Making sure your basic needs are met

The only reason you ever use food to cope, no exceptions, is because you have needs (See Abraham Maslow’s Hierarchy of Basic Needs Chart on the left) that aren’t being met in some area of your life and you’ve told yourself that you’re not allowed, not deserving, or just not capable of getting them met, no matter what you do. These stories you’re telling yourself lead you to feel depressed and anxious, lethargic and frantic, in other words, they overwhelm you.

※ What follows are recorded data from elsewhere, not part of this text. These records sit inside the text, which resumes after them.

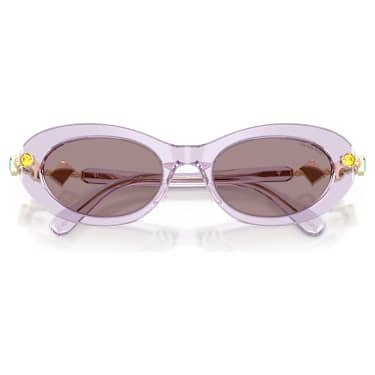 Combining lilac frames with multicolored crystals, these Gema-inspired sunglasses are the perfect choice for joyful expression. The oval-shaped design is crafted with purple lenses and features three crystals on each temple – all revealed in different shapes and candy colors. Match this pair of sunglasses with Swarovski’s Gema jewelry pieces to coordinate your look.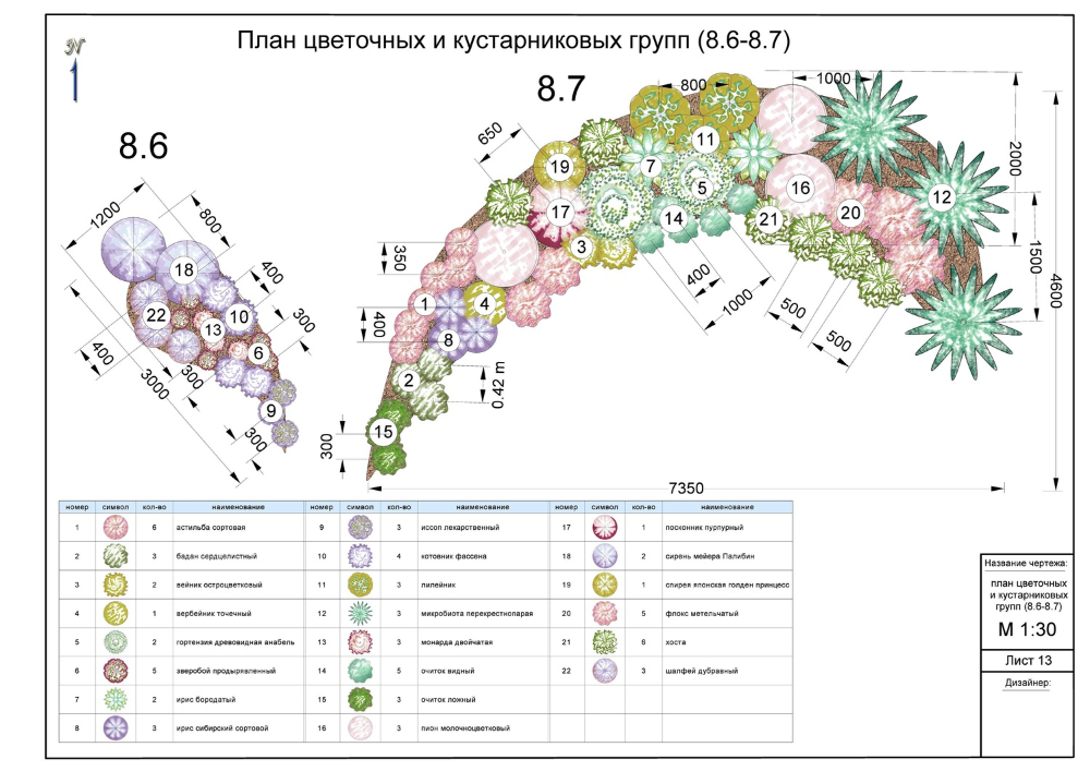 Посадочный чертеж цветника — дендроплан в миниатюре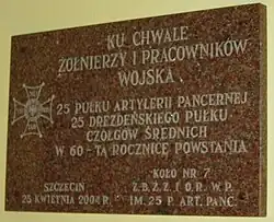 2 lipca 1946 otrzymał nazwę wyróżniającą „Drezdeński”[4] i został odznaczony Orderem Krzyża Grunwaldu III klasy[5]. 19 lutego 1947 przeformowany na 25 Drezdeński pułk artylerii pancernej. Po wojnie stacjonował w Opolu, a od września 1947 w Żarach. W lipcu 1948 przeszedł do Żagania.
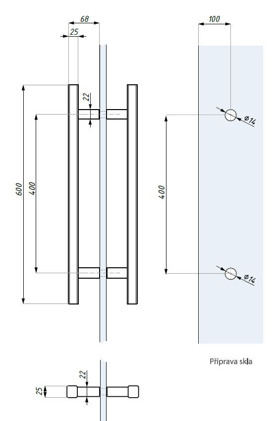 H25X25 SSS - Kartáčovaná nerezová ocel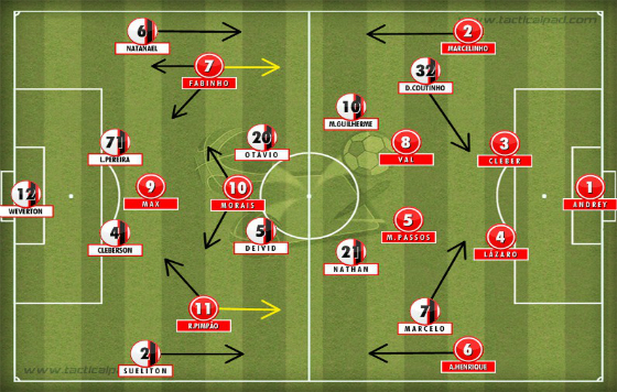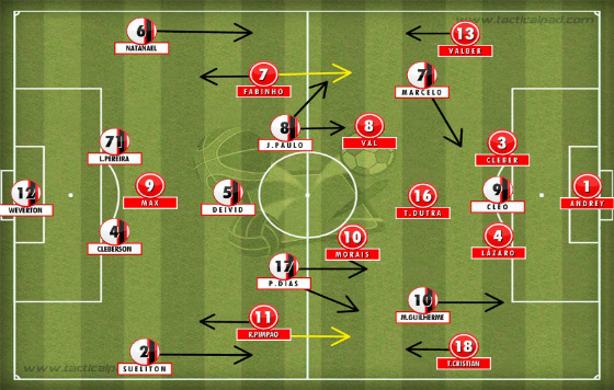 Ao assumir mais uma vez o comando técnico interinamente, Leandro Ávila alterou o esquema tático da equipe: do 4-2-3-1, o time passou a jogar no 4-2-2-2. Neste esquema, Nathan e Marcos Guilherme ficam responsáveis pela criação da jogadas de cada lado do campo e Marcelo e Douglas Coutinho iniciam a transição ofensiva abertos. Quando a bola for para um dos lados, um permanece aberto enquanto que o outro centraliza em direção à área adversária. Como os dois volantes pouco participam do sistema ofensivo, Sueliton e Natanael têm liberdade para subir freqüentemente ao ataque. Já o América-RN atuou no 4-2-3-1 com dois volantes que pouco saiam para o ataque e o trio de meias que se movimentavam constantemente em ação ofensiva.

And when you’re feeling overwhelmed about something you believe you can’t do anything to change or resolve, the only thing to do is to find a way to diminish or discount the impact of that thing: to numb out.

 

In comes your primary coping strategy.

Is it binging?

  • Is it restricting calories, certain kinds of foods, or times of eating regardless of whether you’re hungry or not?
  • Is it purging (through an hour or two of exercise, through laxatives, or vomiting)?
  • Is it an attachment to a certain weight or way of looking?
  • Is it drinking?
  • What about drugs; shopping; gambling; the pursuit of that perfect relationship?
  • Do you take responsibility for what others feel, or what others need?
  • Do you procrastinate to cope with overwhelming things?
  • Do you isolate yourself?
  • Do you avoid certain people or places?
  • Do you resist downtime?
  • Do you resist going to bed at a reasonable hour?
  • Are you a clean freak? Or just the opposite?